▶ _Given information_:

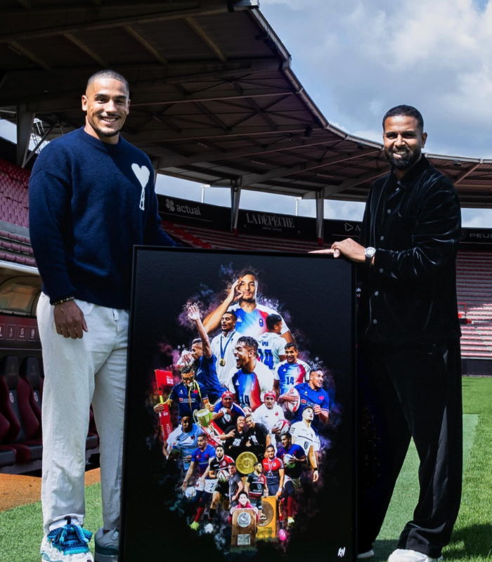 Originaire d’Angers, Kamal Hill s’est fait un nom dans le monde de l’art en alliant peinture, dessin digital et photographie, sublimés par des touches d’acrylique sur papier d’art. Depuis 2019, il met son talent au service des sportifs, capturant leur intensité, leur détermination et leurs victoires dans des œuvres vibrantes et dynamiques.
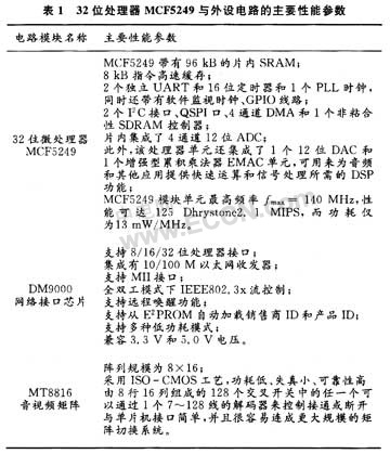 MCF5249模塊單元主要由32位處理器MCF5249和若于外圍器件AM29LV160DB90快閃存儲(chǔ)器、K4S281632SDRAM、SP3223串行通訊電路、DM9000網(wǎng)絡(luò)接口芯片、MT8816音視頻矩陣電路等硬件構(gòu)成。其主要性能如下表1所示。
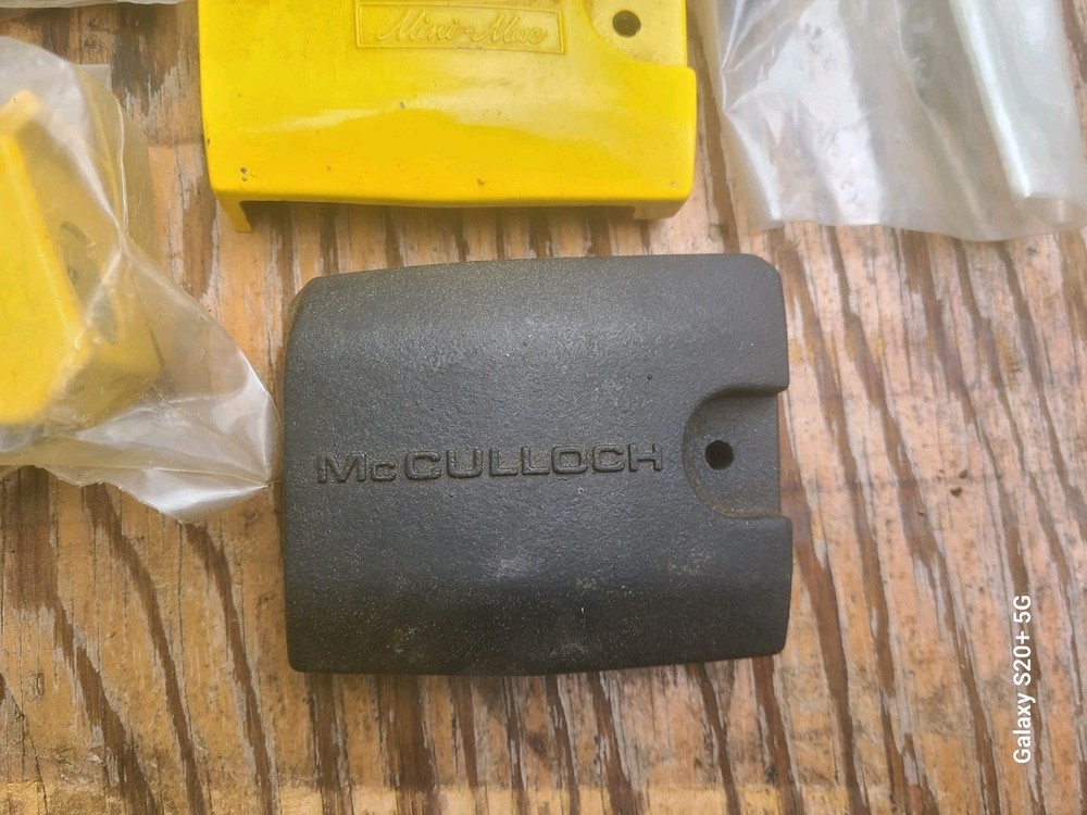 This listing is for the lot of mcculloch mini mac parts. There are covers and 31 nos bar plates. Some items have shelf wear. These parts came out of an old chainsaw shop that was cleaned out several years ago. Please feel free to ask questions, and thank you for looking..

▶ _Activity_:
Copy out nothing but text: transcribe the listing exactly and skip each picture.

▶ _Answer to this exercise_:
 Originaire d’Angers, Kamal Hill s’est fait un nom dans le monde de l’art en alliant peinture, dessin digital et photographie, sublimés par des touches d’acrylique sur papier d’art. Depuis 2019, il met son talent au service des sportifs, capturant leur intensité, leur détermination et leurs victoires dans des œuvres vibrantes et dynamiques.
 MCF5249模塊單元主要由32位處理器MCF5249和若于外圍器件AM29LV160DB90快閃存儲(chǔ)器、K4S281632SDRAM、SP3223串行通訊電路、DM9000網(wǎng)絡(luò)接口芯片、MT8816音視頻矩陣電路等硬件構(gòu)成。其主要性能如下表1所示。
 This listing is for the lot of mcculloch mini mac parts. There are covers and 31 nos bar plates. Some items have shelf wear. These parts came out of an old chainsaw shop that was cleaned out several years ago. Please feel free to ask questions, and thank you for looking..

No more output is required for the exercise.